» Supplied data
——————

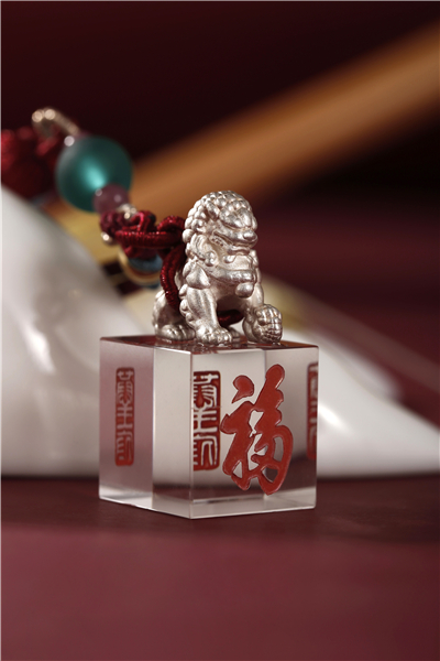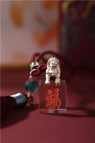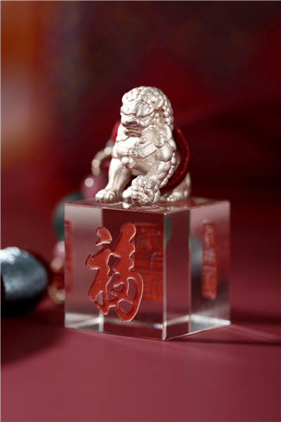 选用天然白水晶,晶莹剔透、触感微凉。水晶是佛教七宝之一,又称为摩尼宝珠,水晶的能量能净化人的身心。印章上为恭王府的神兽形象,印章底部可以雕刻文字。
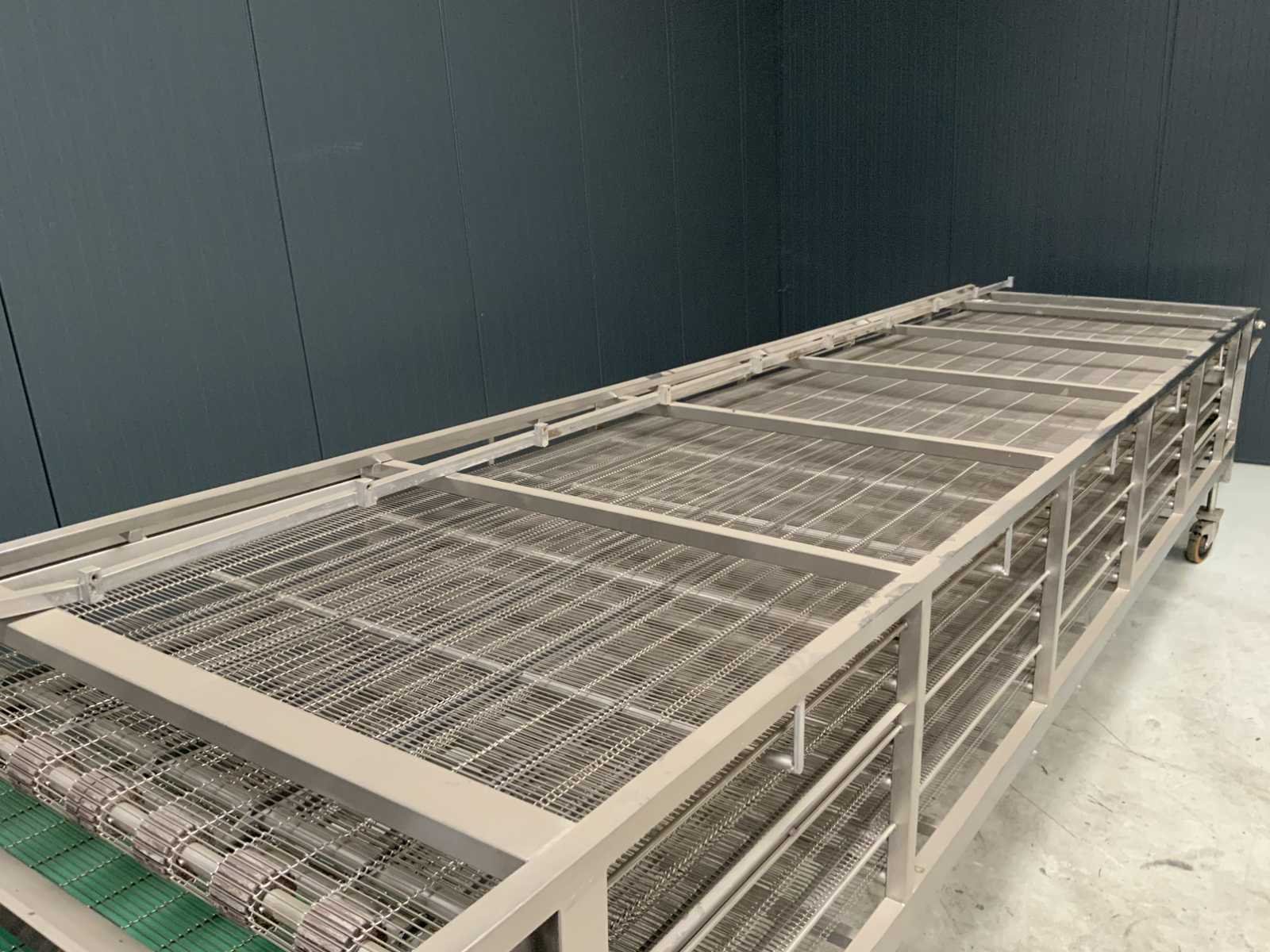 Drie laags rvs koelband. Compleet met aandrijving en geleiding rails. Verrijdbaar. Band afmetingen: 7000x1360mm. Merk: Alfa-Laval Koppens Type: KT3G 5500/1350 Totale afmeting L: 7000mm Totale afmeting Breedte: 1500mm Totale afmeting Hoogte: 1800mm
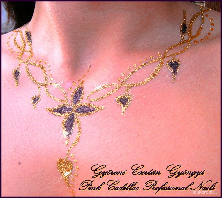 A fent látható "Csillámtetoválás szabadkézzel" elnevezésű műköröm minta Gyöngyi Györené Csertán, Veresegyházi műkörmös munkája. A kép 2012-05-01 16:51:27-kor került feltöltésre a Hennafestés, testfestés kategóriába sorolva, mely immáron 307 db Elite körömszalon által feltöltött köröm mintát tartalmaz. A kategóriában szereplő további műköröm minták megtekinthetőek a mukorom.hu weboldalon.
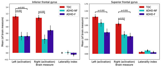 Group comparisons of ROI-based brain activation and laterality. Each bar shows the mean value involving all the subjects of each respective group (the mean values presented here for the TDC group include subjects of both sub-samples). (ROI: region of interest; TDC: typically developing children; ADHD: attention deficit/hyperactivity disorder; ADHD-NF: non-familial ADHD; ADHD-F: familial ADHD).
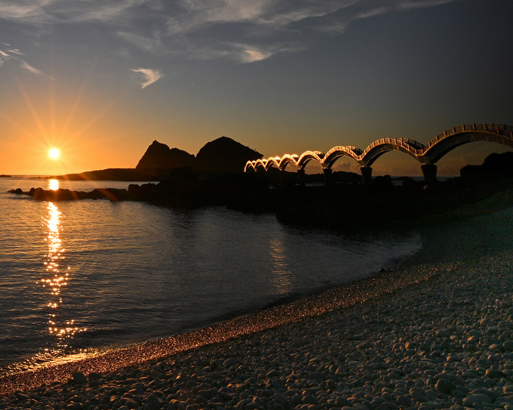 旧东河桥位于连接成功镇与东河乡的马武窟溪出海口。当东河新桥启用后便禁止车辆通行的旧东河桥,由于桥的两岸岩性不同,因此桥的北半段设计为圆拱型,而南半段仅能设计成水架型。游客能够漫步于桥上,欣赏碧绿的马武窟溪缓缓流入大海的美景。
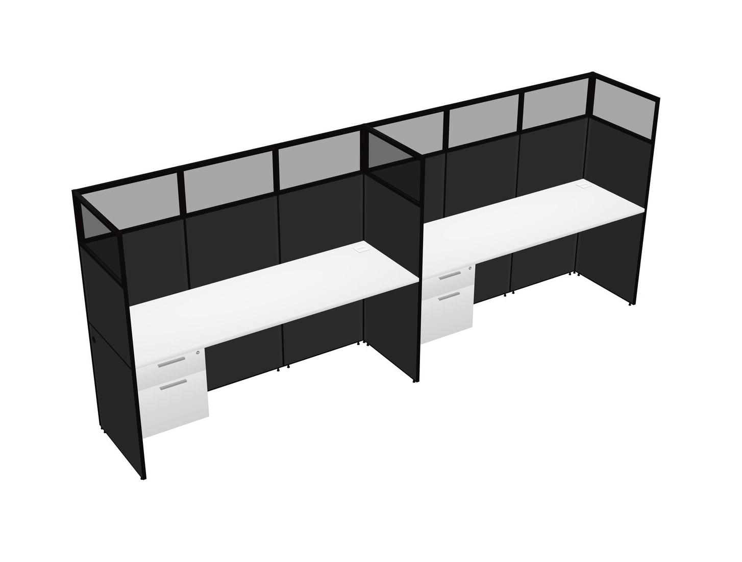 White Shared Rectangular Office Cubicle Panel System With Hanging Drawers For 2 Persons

——————

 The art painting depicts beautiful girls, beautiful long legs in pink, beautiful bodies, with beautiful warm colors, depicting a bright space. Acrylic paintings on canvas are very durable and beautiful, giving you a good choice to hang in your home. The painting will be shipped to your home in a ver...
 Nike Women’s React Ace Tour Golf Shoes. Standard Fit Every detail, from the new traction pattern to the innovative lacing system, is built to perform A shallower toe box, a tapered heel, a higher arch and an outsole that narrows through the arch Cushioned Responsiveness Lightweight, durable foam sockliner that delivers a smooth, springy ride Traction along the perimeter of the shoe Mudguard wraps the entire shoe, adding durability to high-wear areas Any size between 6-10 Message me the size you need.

——————

» About this task
Copy the lines above exactly, starting with the line that contains "选用天然白水晶,晶莹剔透、触" and ending with the line that contains "White Shared Rectangular", and leave out any pictures.

» Exercise answer
 选用天然白水晶,晶莹剔透、触感微凉。水晶是佛教七宝之一,又称为摩尼宝珠,水晶的能量能净化人的身心。印章上为恭王府的神兽形象,印章底部可以雕刻文字。
 Drie laags rvs koelband. Compleet met aandrijving en geleiding rails. Verrijdbaar. Band afmetingen: 7000x1360mm. Merk: Alfa-Laval Koppens Type: KT3G 5500/1350 Totale afmeting L: 7000mm Totale afmeting Breedte: 1500mm Totale afmeting Hoogte: 1800mm
 A fent látható "Csillámtetoválás szabadkézzel" elnevezésű műköröm minta Gyöngyi Györené Csertán, Veresegyházi műkörmös munkája. A kép 2012-05-01 16:51:27-kor került feltöltésre a Hennafestés, testfestés kategóriába sorolva, mely immáron 307 db Elite körömszalon által feltöltött köröm mintát tartalmaz. A kategóriában szereplő további műköröm minták megtekinthetőek a mukorom.hu weboldalon.
 Group comparisons of ROI-based brain activation and laterality. Each bar shows the mean value involving all the subjects of each respective group (the mean values presented here for the TDC group include subjects of both sub-samples). (ROI: region of interest; TDC: typically developing children; ADHD: attention deficit/hyperactivity disorder; ADHD-NF: non-familial ADHD; ADHD-F: familial ADHD).
 旧东河桥位于连接成功镇与东河乡的马武窟溪出海口。当东河新桥启用后便禁止车辆通行的旧东河桥,由于桥的两岸岩性不同,因此桥的北半段设计为圆拱型,而南半段仅能设计成水架型。游客能够漫步于桥上,欣赏碧绿的马武窟溪缓缓流入大海的美景。
 White Shared Rectangular Office Cubicle Panel System With Hanging Drawers For 2 Persons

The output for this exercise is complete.